Accomplishments

  • Annually award scholarships to students pursuing transportation studies. In 2018, the MBTA Educational Foundation awarded $44,000 to 43 Maine students.
  • Since 1999, MBTA has advocated and campaigned for more than $1 billion in supplemental bond funding to support critical investments in Maine’s roads, bridges, ports, rail, transit and other transportation infrastructure. Transportation funding is immensely popular with Maine citizens and these bonds have passed with an average of 72 percent voter approval.
  • Over the past two decades, MBTA has advocated for dredging the Searsport channel and port infrastructure improvements in Portland, Searsport and Eastport in order to spur international marine trade.
  • In 2013, MBTA successfully advocated for the Maine Legislature and the Governor to reapportion the amount the Highway Fund pays for Maine State Police operations, bringing it in line with the amount of time the police spend on highway-related activities.

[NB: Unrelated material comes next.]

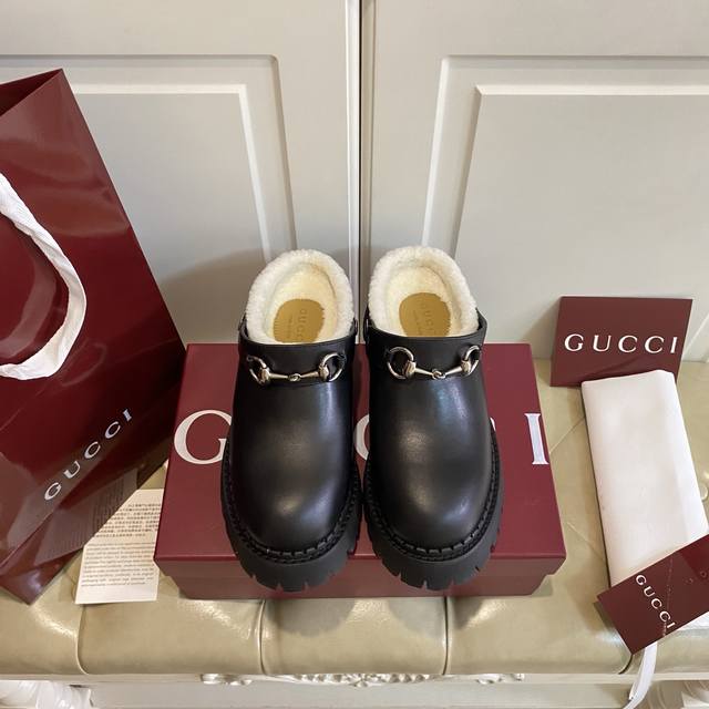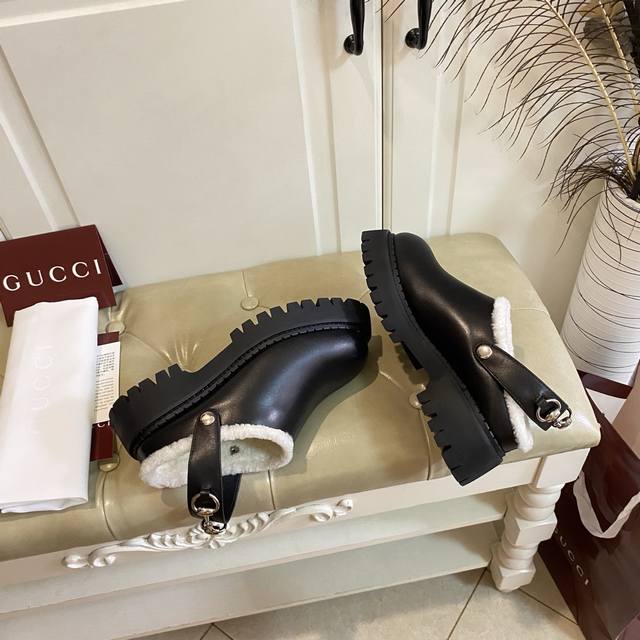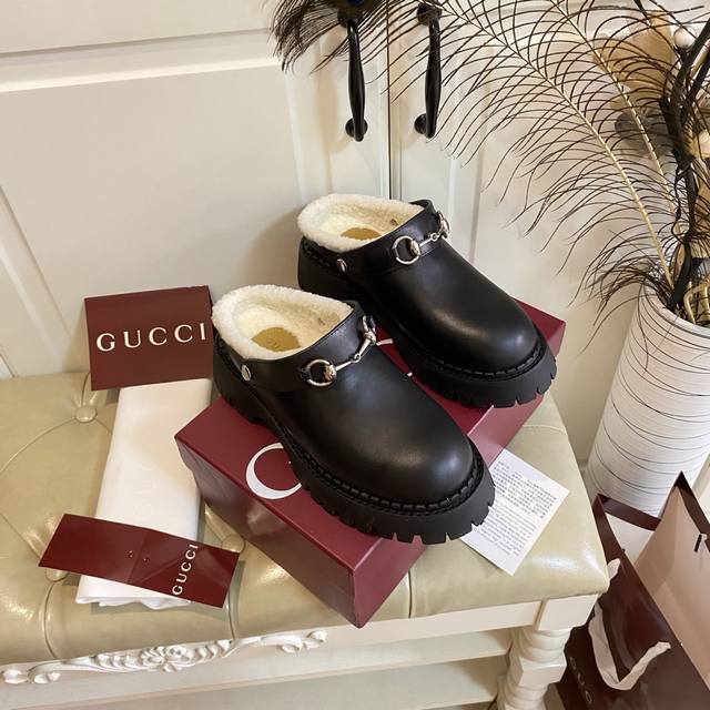 Factory Price P, High-Quality Gucci New Style, Two Ways to Wear, Cowhide Suede Upper, Wool Lining, 5cm Thick Sole, Rubber Sole, Sizes 35-40, Size 41 Made to Order, No Returns or Exchanges

  • MBTA joined the coalition of supporters of the state’s 2011 purchase of 233-mile rail network in Aroostook County, an essential transportation corridor for Maine manufacturers.
  • In 2008, MBTA backed Governor John Baldacci’s bridge funding initiative, LD 2313: An Act to Keep Our Bridges Safe. This legislation provided $160 million for bridge reconstruction and repair.
  • Led efforts to draft and pass LD 1790: “An Act to Secure Maine’s Transportation Future” in the Maine Legislature in 2007. The landmark bill provides the framework for major changes in how Maine finances its transportation infrastructure.
  • Initiated and led 1997 referendum campaign to widen Maine Turnpike and pass transportation bond issue resulting in $350 million for statewide transportation improvements.
  • In 1983, we expanded our mission to include marine, rail, aviation and other forms of transportation and vowed to promote multimodal transportation and all it does for Maine’s economy.
  • Led effort for passage of a 1944 state constitutional amendment protecting the state Highway Fund and ensuring that revenues are used solely for transportation and not diverted for other items in the state budget.
  • MBTA joined other groups around the country calling for passage of President Eisenhower’s vision for an interstate highway system (signed into law in 1959) and its development in Maine.
  • In 1941, MBTA supported passage of An Act to Create the Maine Turnpike Authority and the subsequent building and completion of the Kittery-Portland section of the Maine Turnpike in 1947.

Maine Governor Edmund Muskie cuts the ribbon opening the Maine Turnpike in Augusta in 1955.